J’arrive le matin du salon, un peu intimidée par tous les auteurs présents. La plupart ont plusieurs livres à présenter, et surtout l’air de savoir où ils vont. Je repère que chaque auteur a son nom sur la table qu’il occupe, et je cherche donc le mien. Il est au bout de la deuxième salle, à une place d’une jeune illustratrice déjà installée. Elle m’accueille avec le sourire, nous commençons à papoter, ouf, tout va bien. Notre voisin commun arrive, il est charmant, avec des tas d’histoires à raconter. Un autre auteur prend la place libre à ma droite, nous échangeons quelques mots, c’est aussi son premier livre, mais pas son premier salon. Je suis bien entourée, prête pour la journée.

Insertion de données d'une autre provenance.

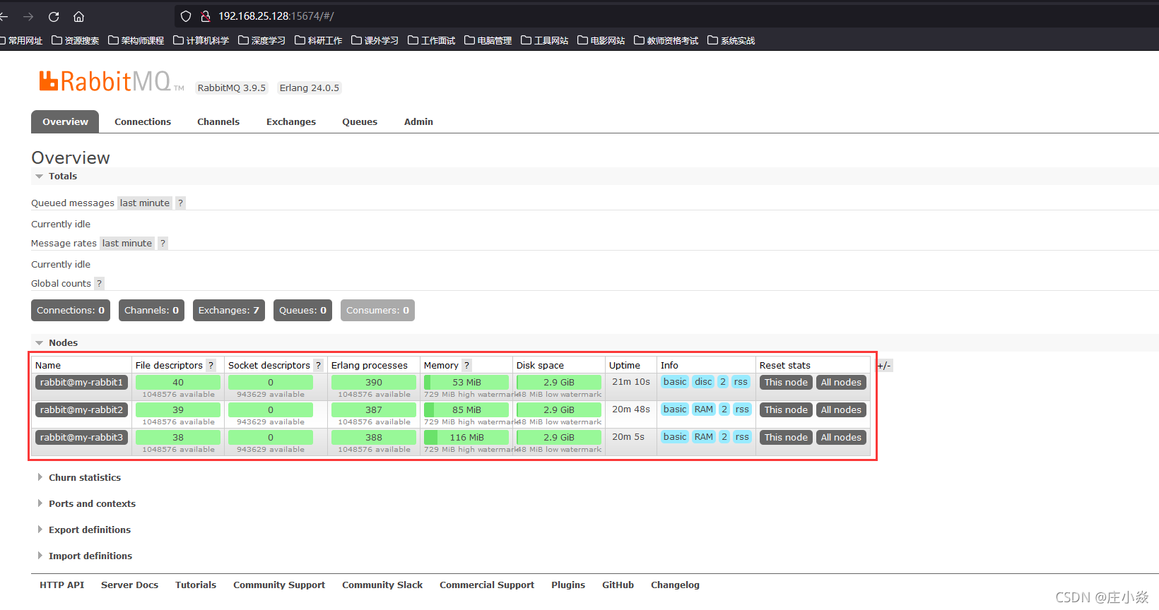 节点设置完成之后,在浏览器访问192.168.25.128:15672、192.168.25.128:15673和192.168.25.128:15674中任意一个,都会看到RabbitMQ集群已经创建成功。

La matinée se passe, peu de visiteurs. Nous en plaisantons un peu entre nous, imaginant les raisons de cette absence de public. Les optimistes nous disent que l’après-midi sera plus animée, et en effet, elle l’est, dans une certaine mesure. Mon voisin de gauche vend le premier livre de la rangée à quelqu’un de sa connaissance, puis quelques personnes achètent le très joli album de l’illustratrice. L’après-midi s’étire. Peu de visiteurs s’intéressent à mon roman imaginaire, mais ma feuille où est imprimée « j’espère que vous aurez autant de plaisir à lire mes histoires que j’en ai à les écrire » me vaut quelques larges sourires, entre amoureux de la lecture, un courant de fraternité passe.
La première journée est terminée. Un bilan rapide nous apprend que les autres auteurs sont aussi dépités que nous. Les plus chanceux ont réalisé quelques ventes, nous sommes plusieurs à ne pas avoir démarré le compteur. Je m’étais levée tôt, la fatigue de la journée est là, et le moral vacille. Les optimistes nous disent que le dimanche sera plus propice. Les pessimistes rangent leurs affaires, ils ne reviendront pas demain.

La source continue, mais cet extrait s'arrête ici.